Pete Sixsmith‘s report of the 2-2 draw with West Ham, and the dramatic aftermath, drew comments from both his brothers, Bishop-dwelling Michael (that doesn’t mean he lives inside a senior cleric) and exiled-in-Greece Phil. Will his farewell to Dick Advocaat produce another Sixer hat-trick?
Continuing our classical theme, we move from the Greek swansong (so ably deconstructed by Sixsmith Minor) to the Latin word “valediction”, which my trusty Chambers says is “a bidding farewell” (and which Sixer neatly offered as “valedicktion” when sending his article – Ed). There have been quite a few of those since Salut! Sunderland started up in the dim and distant past of the Roy Keane era.
Julius Caesar famously said (or probably didn’t) “Veni, Vidi, Vici” (“I came, I saw, I conquered”).
Alas that does not apply to Dick Advocaat, who may say “I came, I saw, I quite liked it here, but why on earth did we bring in the likes of Kaboul, Borini and Matthews? Oh, well back to the tulip beds.”
There are very few Sunderland supporters who will have a bad word to say about the genial Dutchman.
One friend, someone a little bit ITK, texted yesterday morning to say that he was leaving with dignity and with the full respect of everyone, words which I think sum up the feelings of many of us.
This has been a very poor start to the season but it is clear that Advocaat knew that there needed to be a more positive style of play, which is why Lens, M’Vila and Toivonen were brought in and why Cattermole, Fletcher and O’Shea were left out.
We saw the benefits of the first three on Saturday. They were fleet of foot and quick of mind, exactly like the players you can see in the Bundesliga or La Liga on television. They play with skill and with energy which is exactly what the head coach wanted from them.
Now look at the British players he inherited. I thought he was wrong to prefer Kaboul to O’Shea and so did he as he re-instated the Irishman three games in.
But Cattermole and Fletcher epitomise all that is wrong with English football. Both are moderately talented players who seem to take little notice of managers and coaches and who continue to play the way that they want to.

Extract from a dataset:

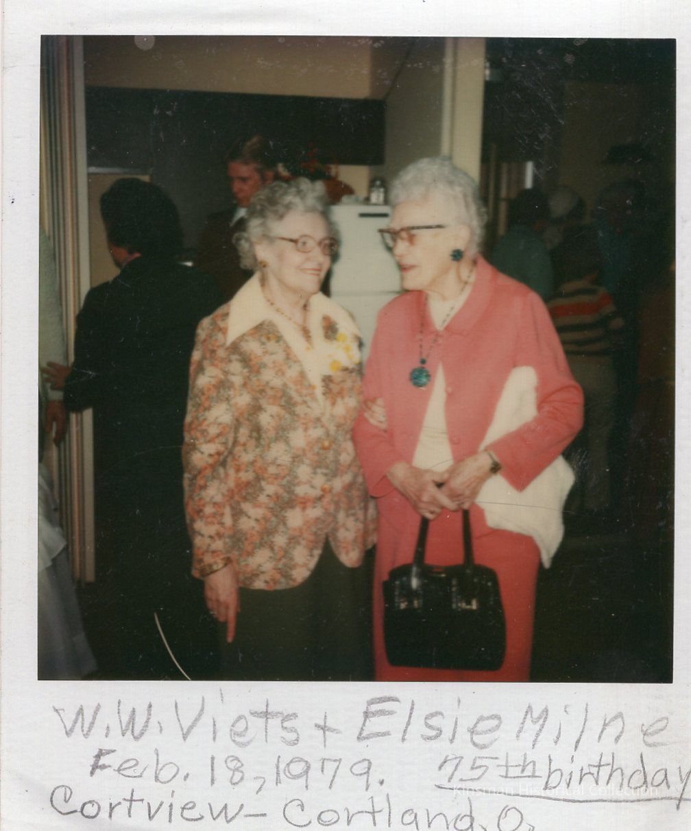 Elsie Milne (right) and W.W. Viets (left) at a 75th Birthday celebration on Feb 18th, 1979 at Cortview-Cortland, Ohio.Collection

Put Cattermole with a quality player like M’Vila and tell him what is expected of him, however, and you see an improvement. Cattermole would have seen M’Vila as a rival; Advocaat saw the two of them working together once the Teessider had stopped giving away needless penalties.
Fletcher turned in a very good performance on Saturday after being given a proper foil in Toivonen, allowing the Scot to play further up the field and not have to come back to search for the ball. It was probably his most effective display as a Sunderland player.
Now that Advocaat and Zeljko Petrovic have left, will these two slip back into their bad old ways, ways which have frustrated experienced managers like O’Neill and Advocaat, younger ones like Poyet and madmen like Di Canio?
Advocaat gave us a picture of what football was all about – movement, skill and the ability to do what you do properly. His ideas were well received by the crowd who had grown disillusioned with the keep ball played by Poyet , the stultifying boredom of the O’Neill era and the incompetence of Di Canio and de Fanti.
Advocaat’s departure leaves this writer feeling sad, angry and wondering where on earth we go to from here.
Sad that we did not have the full interim period to find the next manager/head coach; angry that, yet again, a club that Monsieur Salut, me and many thousands of others have devoted much of their lives to, is once again seen as a club that is going nowhere and is rapidly becoming a basket case.
And what of the future? It looks like we are going from a man who has won trophies, managed at international level and been at the top of the tree to a manager who has a reputation as one who “ensures you don’t get relegated” – and who may bring in Kevin Nolan.
Or it could be one who likens journalists to large flightless birds from Southern Africa or one who has done well at a properly run club and who may fancy a pitch at a bigger club but who may eventually baulk at the politics that seemingly go on under the surface at Sunderland.
If none of those, I am sure Jeremy Corbyn might inspire a few of the players to greater heights for the common good. Failing that, let’s bring in Boris.
Goodbye Dick. It was a pleasure to have a Head Coach with some vision. We may not see your like again.